* Data section
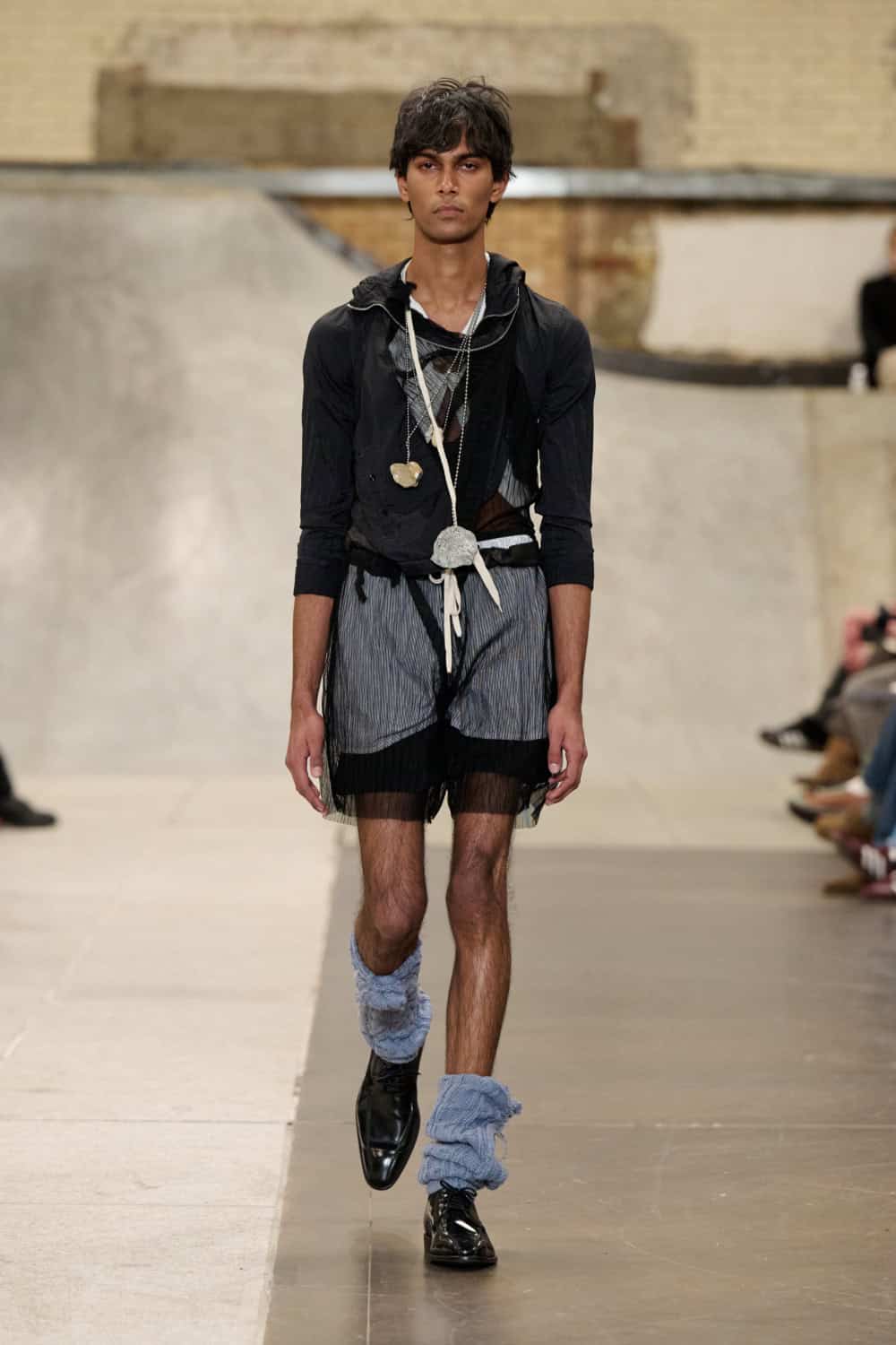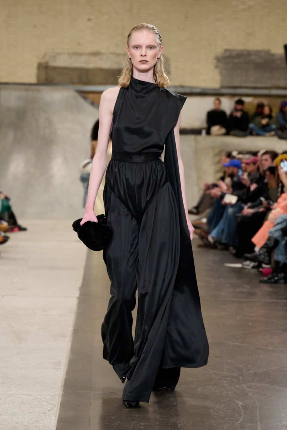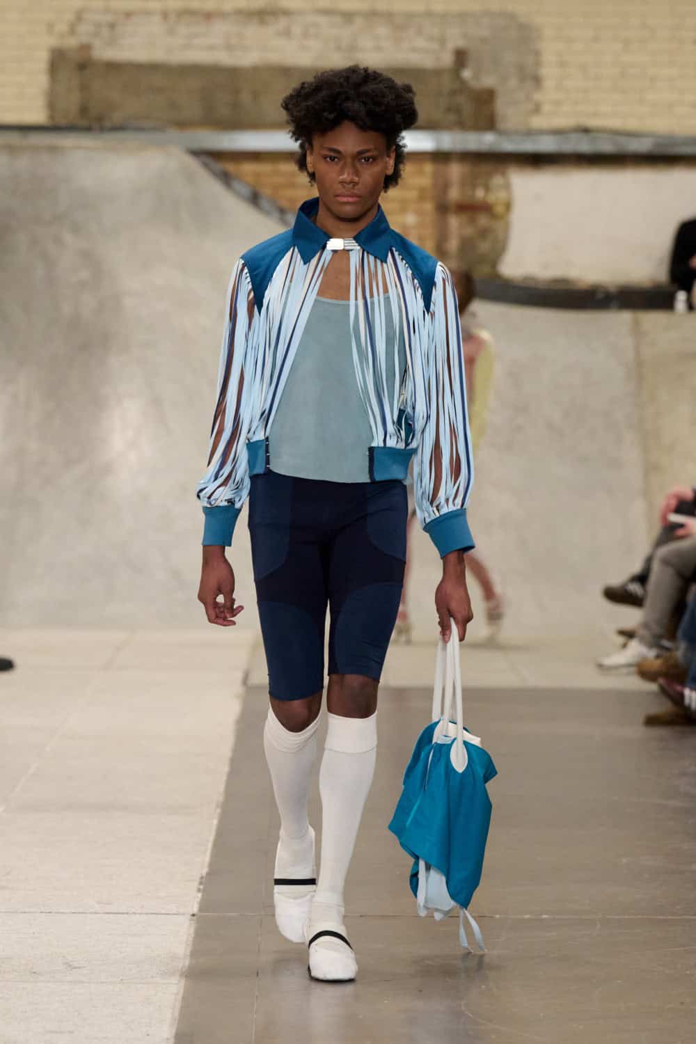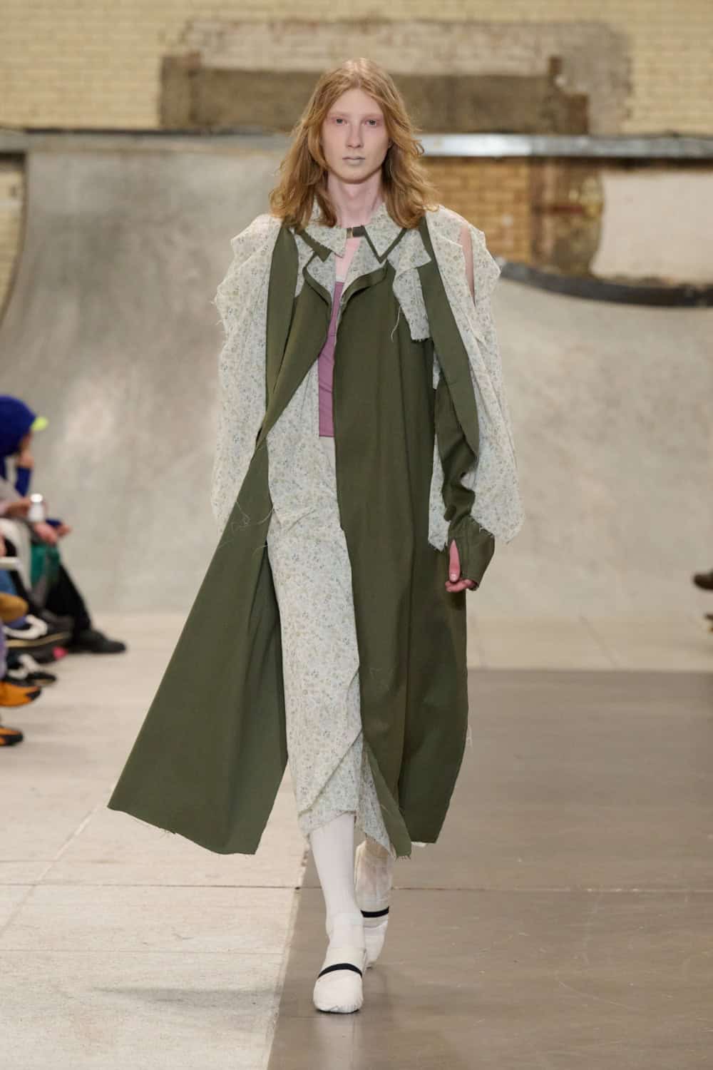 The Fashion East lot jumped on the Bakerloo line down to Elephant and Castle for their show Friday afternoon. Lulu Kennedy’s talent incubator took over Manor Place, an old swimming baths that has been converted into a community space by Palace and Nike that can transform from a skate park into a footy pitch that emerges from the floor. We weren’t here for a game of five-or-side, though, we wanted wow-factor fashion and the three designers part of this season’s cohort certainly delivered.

---

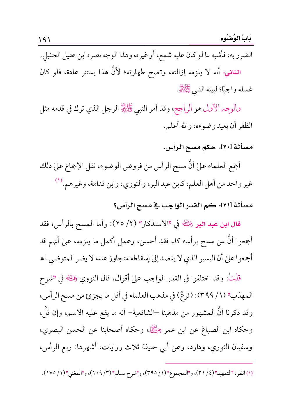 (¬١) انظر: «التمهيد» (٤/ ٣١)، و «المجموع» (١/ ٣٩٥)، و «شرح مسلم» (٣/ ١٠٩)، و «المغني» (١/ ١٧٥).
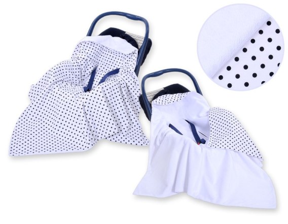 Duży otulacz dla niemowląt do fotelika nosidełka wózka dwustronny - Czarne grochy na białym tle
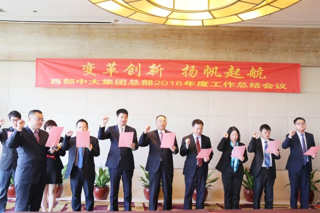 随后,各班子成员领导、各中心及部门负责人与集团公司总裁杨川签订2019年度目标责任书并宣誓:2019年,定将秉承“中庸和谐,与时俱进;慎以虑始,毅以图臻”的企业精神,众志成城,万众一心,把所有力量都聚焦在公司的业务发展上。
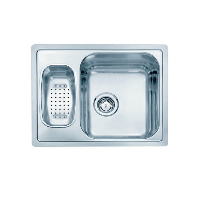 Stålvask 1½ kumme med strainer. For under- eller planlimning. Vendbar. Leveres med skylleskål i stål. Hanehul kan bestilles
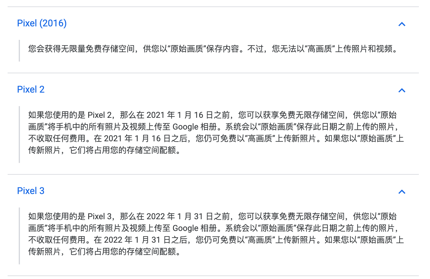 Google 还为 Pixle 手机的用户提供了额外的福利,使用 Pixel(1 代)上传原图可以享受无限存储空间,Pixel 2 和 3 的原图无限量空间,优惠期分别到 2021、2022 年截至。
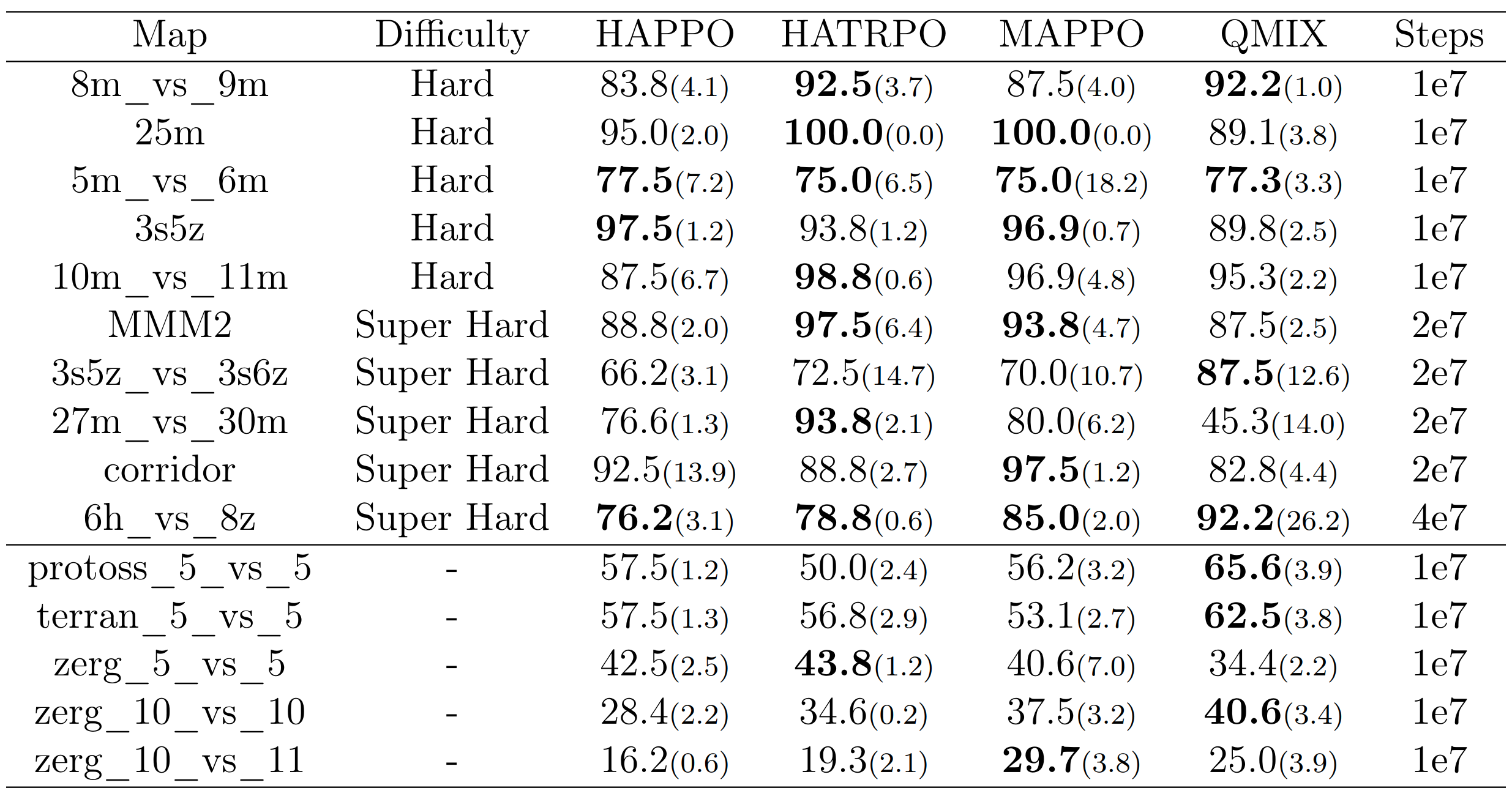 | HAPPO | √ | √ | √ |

* Activity
Start with the line above containing "随后,各班子成员领导、各中心" and end with the line containing "HAPPO | √ | √ | √ |". Set down that stretch exactly, without any pictures.

* Your solution
 随后,各班子成员领导、各中心及部门负责人与集团公司总裁杨川签订2019年度目标责任书并宣誓:2019年,定将秉承“中庸和谐,与时俱进;慎以虑始,毅以图臻”的企业精神,众志成城,万众一心,把所有力量都聚焦在公司的业务发展上。
 Stålvask 1½ kumme med strainer. For under- eller planlimning. Vendbar. Leveres med skylleskål i stål. Hanehul kan bestilles
 Google 还为 Pixle 手机的用户提供了额外的福利,使用 Pixel(1 代)上传原图可以享受无限存储空间,Pixel 2 和 3 的原图无限量空间,优惠期分别到 2021、2022 年截至。
 | HAPPO | √ | √ | √ |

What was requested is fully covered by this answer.